**TASK OBJECTIVE**
Write out all the data verbatim. Skip images.

**AVAILABLE DATA**
##########
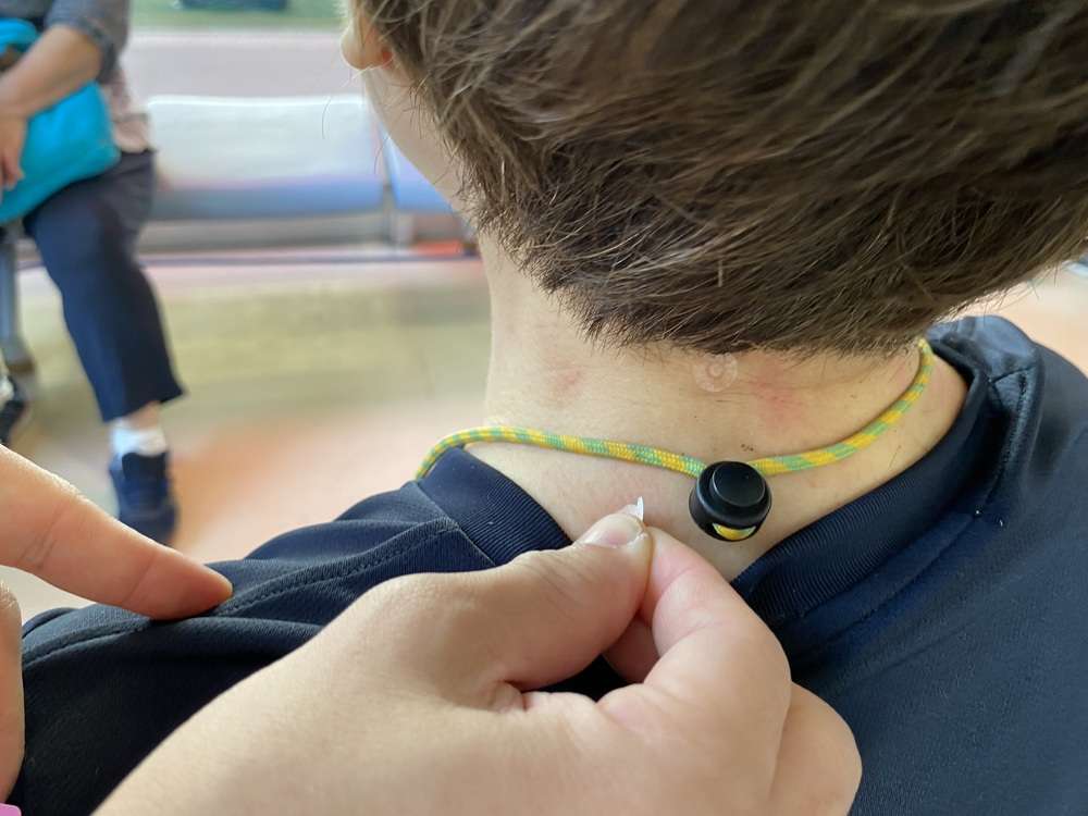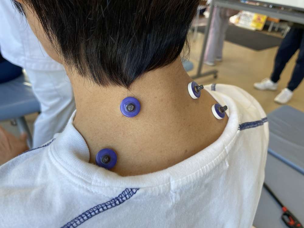 家庭用のセルフケア商品「こりスポッと」を使って、コリが気になる部位のツボに貼る「ツボ刺激体験」。丸いシールに小さな樹脂の粒が付いており、鍼のように刺さったりしないタイプなので、金属アレルギーの方や、鍼が苦手な方にも抵抗なく体験いただくことができます。また、新潟県産の上質なもぐさを使用したお灸「台座灸ヨモニコ」体験も可能です。参加者の皆さんは、それぞれコリが気になる部位に、運動の前や後に「ツボ刺激」体験をしていただき、セイリンの鍼灸商品の効果を実感いただけます。
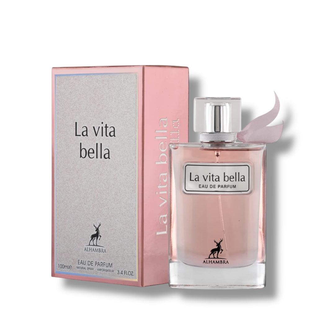Experience the captivating allure of Maison Al Hambra's La Vita Bella. This Eau de Parfum embodies elegance and sophistication. Its enchanting fragrance unfolds with a harmonious blend of floral and fruity notes. La Vita Bella leaves a lasting impression of timeless beauty. Perfect for any occasion, this fragrance is a true celebration of life.
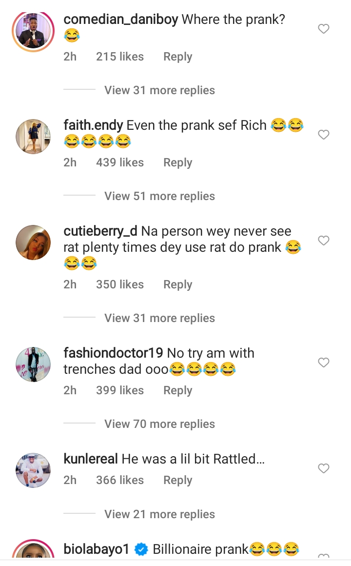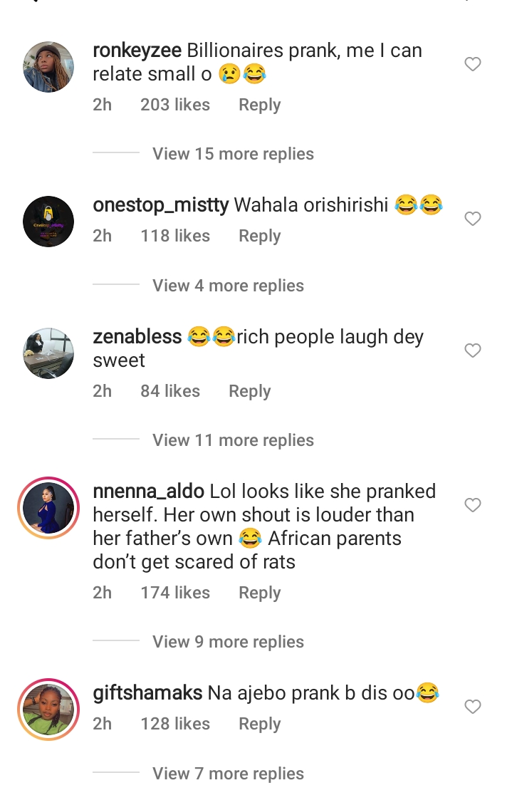 Netizens have reacted to a video of popular Disc Jockey, Florence ifeoluwa Otedola, better known as DJ Cuppy, pranking her father, Femi Otedola with a toy rat.
##########
**RESULT OF THE EXERCISE**
 家庭用のセルフケア商品「こりスポッと」を使って、コリが気になる部位のツボに貼る「ツボ刺激体験」。丸いシールに小さな樹脂の粒が付いており、鍼のように刺さったりしないタイプなので、金属アレルギーの方や、鍼が苦手な方にも抵抗なく体験いただくことができます。また、新潟県産の上質なもぐさを使用したお灸「台座灸ヨモニコ」体験も可能です。参加者の皆さんは、それぞれコリが気になる部位に、運動の前や後に「ツボ刺激」体験をしていただき、セイリンの鍼灸商品の効果を実感いただけます。
Experience the captivating allure of Maison Al Hambra's La Vita Bella. This Eau de Parfum embodies elegance and sophistication. Its enchanting fragrance unfolds with a harmonious blend of floral and fruity notes. La Vita Bella leaves a lasting impression of timeless beauty. Perfect for any occasion, this fragrance is a true celebration of life.
 Netizens have reacted to a video of popular Disc Jockey, Florence ifeoluwa Otedola, better known as DJ Cuppy, pranking her father, Femi Otedola with a toy rat.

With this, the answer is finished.